_REQUIREMENT_:
With the pictures omitted, print exactly the lines below, from the one containing "Ela foi paraninfa" through the one containing "Observación: Si es", and nothing else.

--- PROVIDED MATERIAL ---

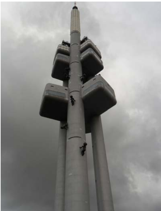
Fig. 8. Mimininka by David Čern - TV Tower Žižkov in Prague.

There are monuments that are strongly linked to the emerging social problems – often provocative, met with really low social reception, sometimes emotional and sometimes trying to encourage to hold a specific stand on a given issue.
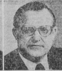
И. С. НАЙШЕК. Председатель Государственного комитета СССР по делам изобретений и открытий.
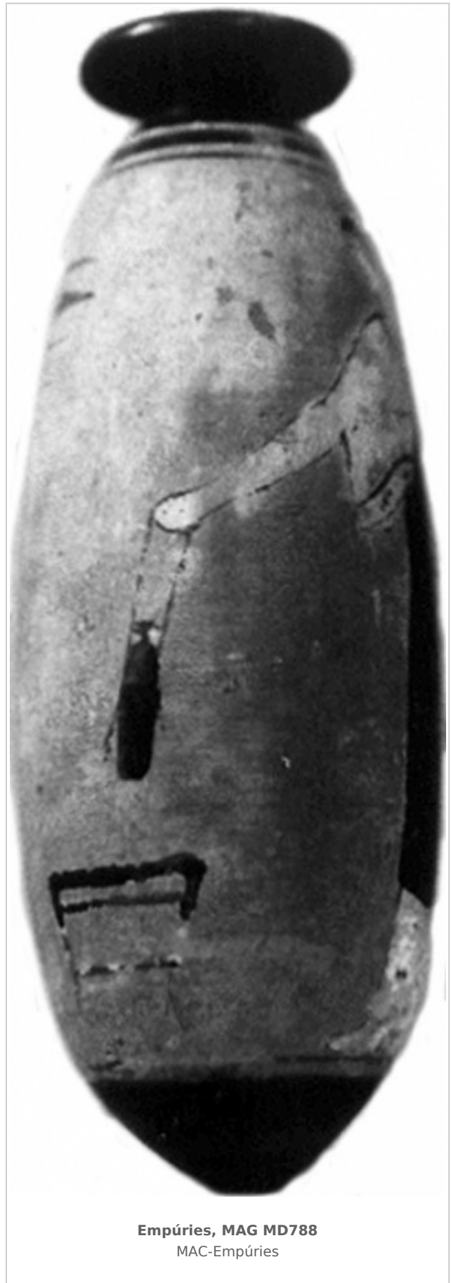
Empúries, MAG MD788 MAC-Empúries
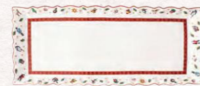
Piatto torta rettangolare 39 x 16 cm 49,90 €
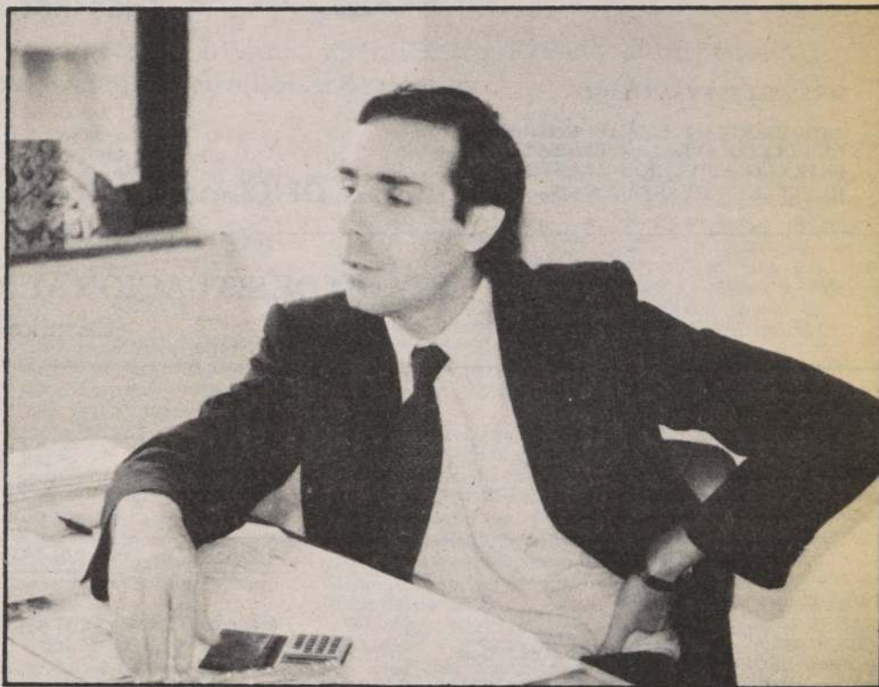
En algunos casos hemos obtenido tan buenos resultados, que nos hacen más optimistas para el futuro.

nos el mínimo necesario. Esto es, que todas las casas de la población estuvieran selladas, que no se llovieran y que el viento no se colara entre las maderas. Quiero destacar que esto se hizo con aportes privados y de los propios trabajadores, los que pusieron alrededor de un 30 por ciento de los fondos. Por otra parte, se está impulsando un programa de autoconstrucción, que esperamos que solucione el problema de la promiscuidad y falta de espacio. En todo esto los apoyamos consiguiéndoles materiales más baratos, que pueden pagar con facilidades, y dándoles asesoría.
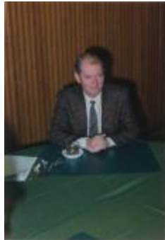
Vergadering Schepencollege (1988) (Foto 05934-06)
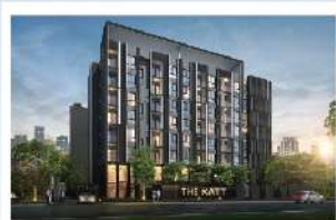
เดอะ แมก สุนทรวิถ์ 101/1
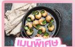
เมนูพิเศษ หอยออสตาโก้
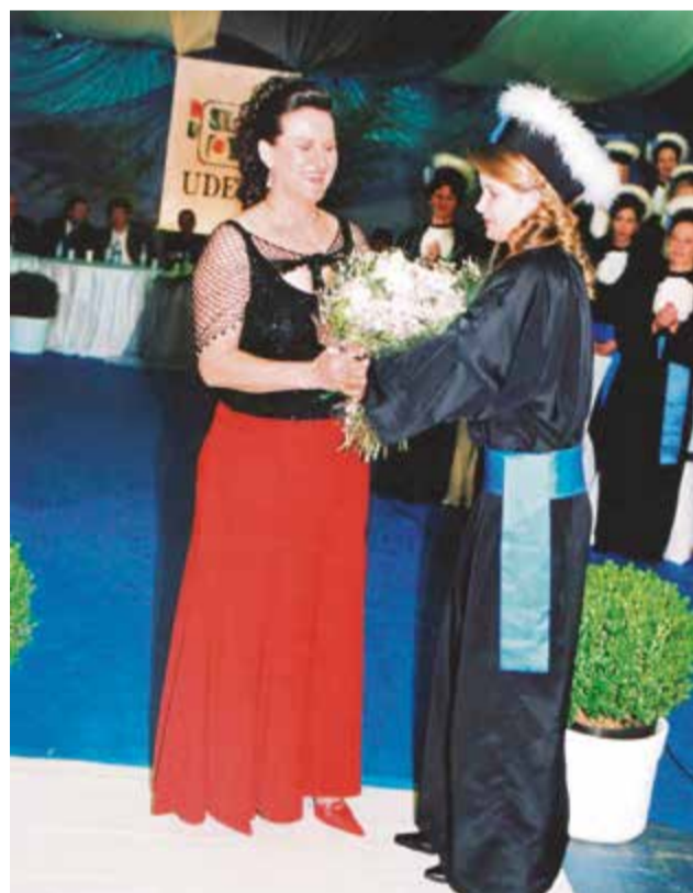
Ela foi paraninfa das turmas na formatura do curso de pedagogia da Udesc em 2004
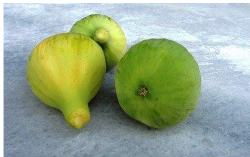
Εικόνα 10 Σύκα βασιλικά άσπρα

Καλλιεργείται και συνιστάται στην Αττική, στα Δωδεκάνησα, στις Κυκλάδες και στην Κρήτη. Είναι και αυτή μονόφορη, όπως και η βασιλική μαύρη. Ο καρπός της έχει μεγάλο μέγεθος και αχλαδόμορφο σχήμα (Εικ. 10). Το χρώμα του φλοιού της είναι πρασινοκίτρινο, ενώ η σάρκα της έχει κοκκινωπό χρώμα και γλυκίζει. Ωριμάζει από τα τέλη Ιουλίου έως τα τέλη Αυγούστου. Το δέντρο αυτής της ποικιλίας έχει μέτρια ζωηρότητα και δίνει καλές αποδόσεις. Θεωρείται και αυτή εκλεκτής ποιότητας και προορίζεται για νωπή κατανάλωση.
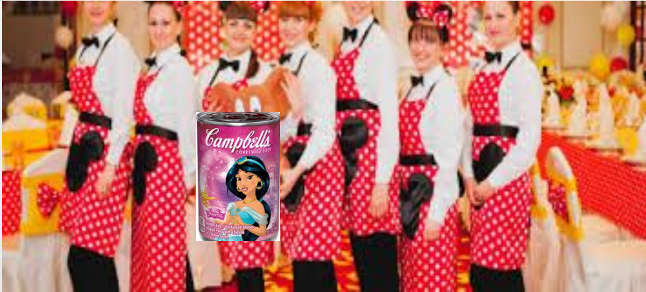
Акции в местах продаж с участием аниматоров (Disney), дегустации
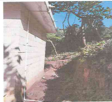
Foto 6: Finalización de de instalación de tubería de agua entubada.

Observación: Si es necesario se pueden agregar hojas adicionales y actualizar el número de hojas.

---
--- PROVIDED MATERIAL ---

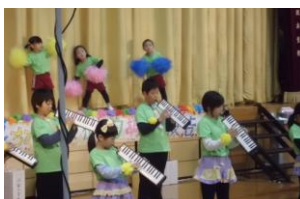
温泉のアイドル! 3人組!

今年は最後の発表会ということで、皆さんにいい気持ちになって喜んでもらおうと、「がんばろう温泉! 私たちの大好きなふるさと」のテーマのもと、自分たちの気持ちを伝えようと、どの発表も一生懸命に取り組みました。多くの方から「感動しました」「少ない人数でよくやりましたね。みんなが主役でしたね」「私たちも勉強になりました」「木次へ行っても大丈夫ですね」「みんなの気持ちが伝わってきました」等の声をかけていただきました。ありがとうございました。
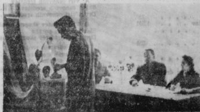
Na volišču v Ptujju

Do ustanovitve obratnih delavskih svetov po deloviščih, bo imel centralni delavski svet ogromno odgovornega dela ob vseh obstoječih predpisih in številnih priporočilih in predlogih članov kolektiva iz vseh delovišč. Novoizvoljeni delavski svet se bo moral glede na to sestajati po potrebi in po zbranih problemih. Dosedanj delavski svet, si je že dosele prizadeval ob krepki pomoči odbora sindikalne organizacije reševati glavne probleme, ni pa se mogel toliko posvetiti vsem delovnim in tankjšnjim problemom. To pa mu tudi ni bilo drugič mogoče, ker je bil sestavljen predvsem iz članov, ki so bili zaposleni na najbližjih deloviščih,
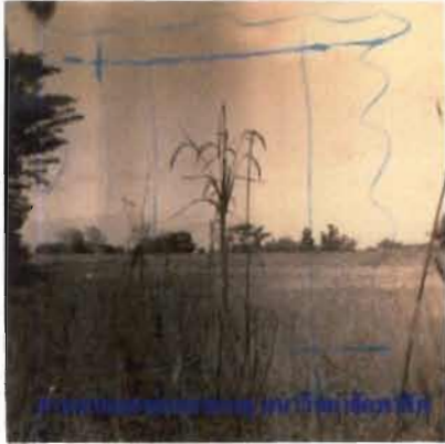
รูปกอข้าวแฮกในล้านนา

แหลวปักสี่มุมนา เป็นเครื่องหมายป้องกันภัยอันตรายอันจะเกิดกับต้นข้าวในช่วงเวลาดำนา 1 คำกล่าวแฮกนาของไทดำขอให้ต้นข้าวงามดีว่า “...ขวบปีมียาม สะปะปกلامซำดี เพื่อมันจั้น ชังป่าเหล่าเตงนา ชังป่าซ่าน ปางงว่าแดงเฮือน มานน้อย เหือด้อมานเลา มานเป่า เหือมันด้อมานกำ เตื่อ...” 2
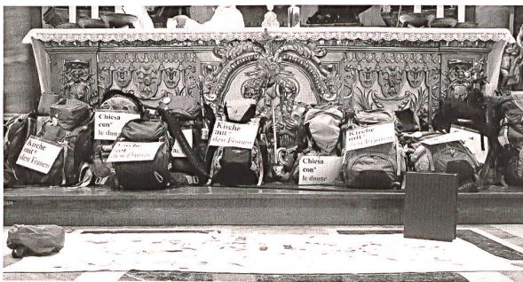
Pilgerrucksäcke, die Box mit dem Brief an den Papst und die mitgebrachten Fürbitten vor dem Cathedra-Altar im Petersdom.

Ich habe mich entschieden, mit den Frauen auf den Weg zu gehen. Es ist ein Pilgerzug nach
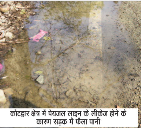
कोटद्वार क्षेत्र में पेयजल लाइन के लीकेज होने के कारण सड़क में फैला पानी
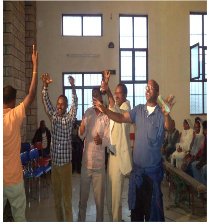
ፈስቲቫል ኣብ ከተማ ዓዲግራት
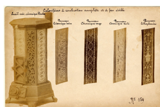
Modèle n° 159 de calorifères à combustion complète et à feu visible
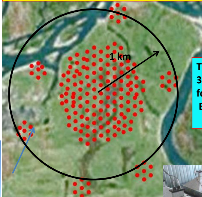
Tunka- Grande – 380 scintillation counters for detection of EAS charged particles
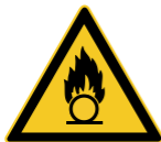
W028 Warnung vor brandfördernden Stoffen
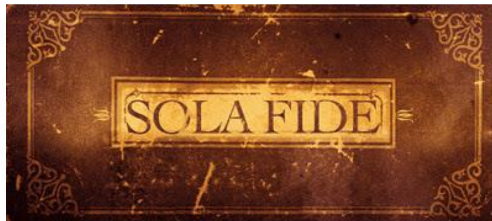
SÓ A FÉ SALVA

---

_EXPECTED ANSWER_:
Ela foi paraninfa das turmas na formatura do curso de pedagogia da Udesc em 2004
Εικόνα 10 Σύκα βασιλικά άσπρα

Καλλιεργείται και συνιστάται στην Αττική, στα Δωδεκάνησα, στις Κυκλάδες και στην Κρήτη. Είναι και αυτή μονόφορη, όπως και η βασιλική μαύρη. Ο καρπός της έχει μεγάλο μέγεθος και αχλαδόμορφο σχήμα (Εικ. 10). Το χρώμα του φλοιού της είναι πρασινοκίτρινο, ενώ η σάρκα της έχει κοκκινωπό χρώμα και γλυκίζει. Ωριμάζει από τα τέλη Ιουλίου έως τα τέλη Αυγούστου. Το δέντρο αυτής της ποικιλίας έχει μέτρια ζωηρότητα και δίνει καλές αποδόσεις. Θεωρείται και αυτή εκλεκτής ποιότητας και προορίζεται για νωπή κατανάλωση.
Акции в местах продаж с участием аниматоров (Disney), дегустации
Foto 6: Finalización de de instalación de tubería de agua entubada.

Observación: Si es necesario se pueden agregar hojas adicionales y actualizar el número de hojas.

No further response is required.